--- PROBLEM TO SOLVE ---
What you return should be the complete data below, word for word, with no pictures in it.

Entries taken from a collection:
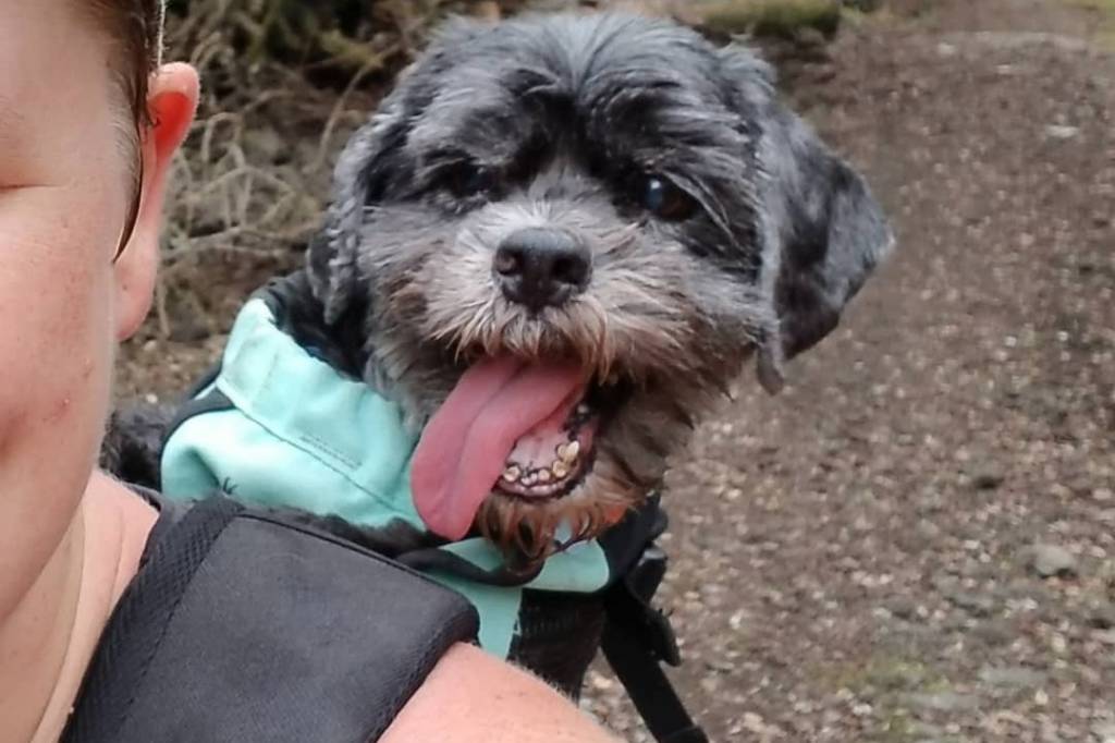 Photo d'un Cock-A-Tzu porté au dos par une personne dans une zone boisée
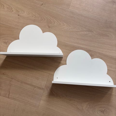 To stykk hyller. Den ene må limes litt. Den store er helt fin.
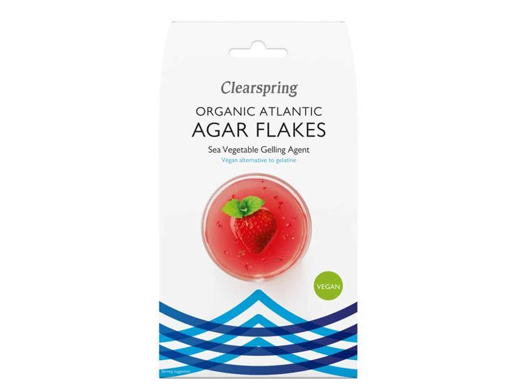 Clearsprings veganske geleringsmiddel er lavet af økologisk agar tang fra Atlanterhavet. Agar flager er et godt alternativ til husblas, er super nemt at bruge og har ingen smag. Brug 1 teske agar flager til at stivne ca. 250 ml. væske.
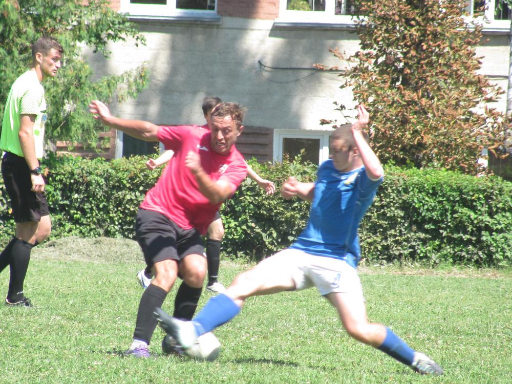 Здавалося, гості легко доведуть матч до перемоги, однак не так сталося. Наприкінці першого тайму після подачі з правого краю ліцеїстом Василем Винничуком, досвідчений оборонець ФК «Ланівці ОТГ-Стандарт» зрізав м’яча у власні ворота (1:2).
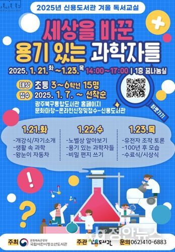 도서관별 독서교실 운영 기간은 ▲운암도서관 1월 14일~17일 ▲중흥도서관 1월 15일~17일 ▲일곡․양산․신용도서관 1월 21일~23일이며 참여를 희망하는 주민은 북구 통합도서관 누리집을 통해 선착순 신청하면 되고 기타 자세한 사항은 해당 도서관에 문의하면 된다.
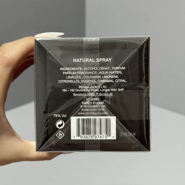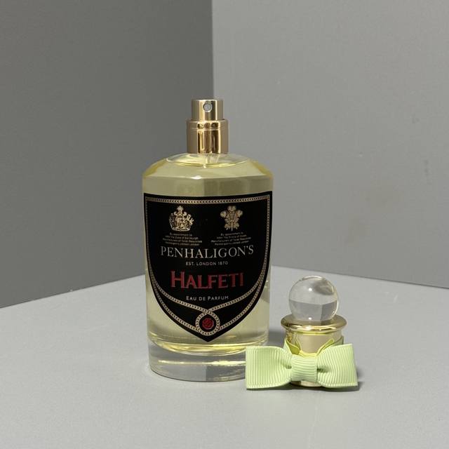潘海利根香水100Ml黑玫瑰沉香实拍现货penhaligon's Halfeti, 2015,品牌:潘海利根,调香师:Christian proven.属性:中性香,香调:木质东方调,前调:柏树藏红花小豆蔻艾蒿香柠檬葡萄柚,中调:玫瑰肉豆蔻茉莉,后调:沉香 乌木 皮革雪松檀香木琥珀零陵香豆香草麝香
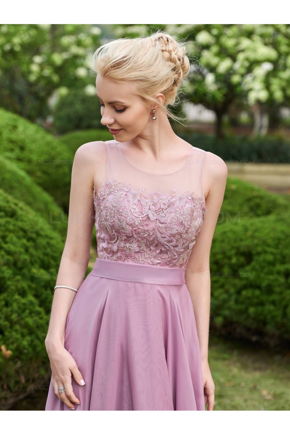 -47% A-Line Lace Chiffon Illusion Neckline Short Wedding Guest Dresses Bridesmaid Dresses 3010220
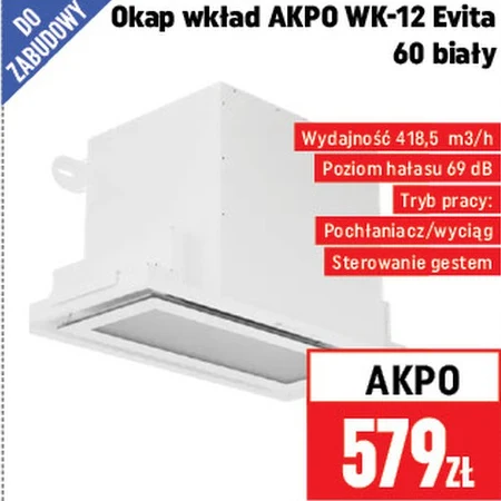 Okap wkład AKPO WK-12 Evita 60 biały dostępny jest w Neopunkt w cenie 579 zł. Ten wydajny okap o wydajności 418,5 m3/h i sterowaniu gestem sprawdzi się w każdej kuchni, skutecznie usuwając nieprzyjemne zapachy podczas gotowania. Urządzenie pracuje w trybie pochłaniacza lub wyciągu, a jego poziom hałasu wynosi 69 dB.

--- TASK RESPONSE ---
 Photo d'un Cock-A-Tzu porté au dos par une personne dans une zone boisée
 To stykk hyller. Den ene må limes litt. Den store er helt fin.
 Clearsprings veganske geleringsmiddel er lavet af økologisk agar tang fra Atlanterhavet. Agar flager er et godt alternativ til husblas, er super nemt at bruge og har ingen smag. Brug 1 teske agar flager til at stivne ca. 250 ml. væske.
 Здавалося, гості легко доведуть матч до перемоги, однак не так сталося. Наприкінці першого тайму після подачі з правого краю ліцеїстом Василем Винничуком, досвідчений оборонець ФК «Ланівці ОТГ-Стандарт» зрізав м’яча у власні ворота (1:2).
 도서관별 독서교실 운영 기간은 ▲운암도서관 1월 14일~17일 ▲중흥도서관 1월 15일~17일 ▲일곡․양산․신용도서관 1월 21일~23일이며 참여를 희망하는 주민은 북구 통합도서관 누리집을 통해 선착순 신청하면 되고 기타 자세한 사항은 해당 도서관에 문의하면 된다.
潘海利根香水100Ml黑玫瑰沉香实拍现货penhaligon's Halfeti, 2015,品牌:潘海利根,调香师:Christian proven.属性:中性香,香调:木质东方调,前调:柏树藏红花小豆蔻艾蒿香柠檬葡萄柚,中调:玫瑰肉豆蔻茉莉,后调:沉香 乌木 皮革雪松檀香木琥珀零陵香豆香草麝香
 -47% A-Line Lace Chiffon Illusion Neckline Short Wedding Guest Dresses Bridesmaid Dresses 3010220
 Okap wkład AKPO WK-12 Evita 60 biały dostępny jest w Neopunkt w cenie 579 zł. Ten wydajny okap o wydajności 418,5 m3/h i sterowaniu gestem sprawdzi się w każdej kuchni, skutecznie usuwając nieprzyjemne zapachy podczas gotowania. Urządzenie pracuje w trybie pochłaniacza lub wyciągu, a jego poziom hałasu wynosi 69 dB.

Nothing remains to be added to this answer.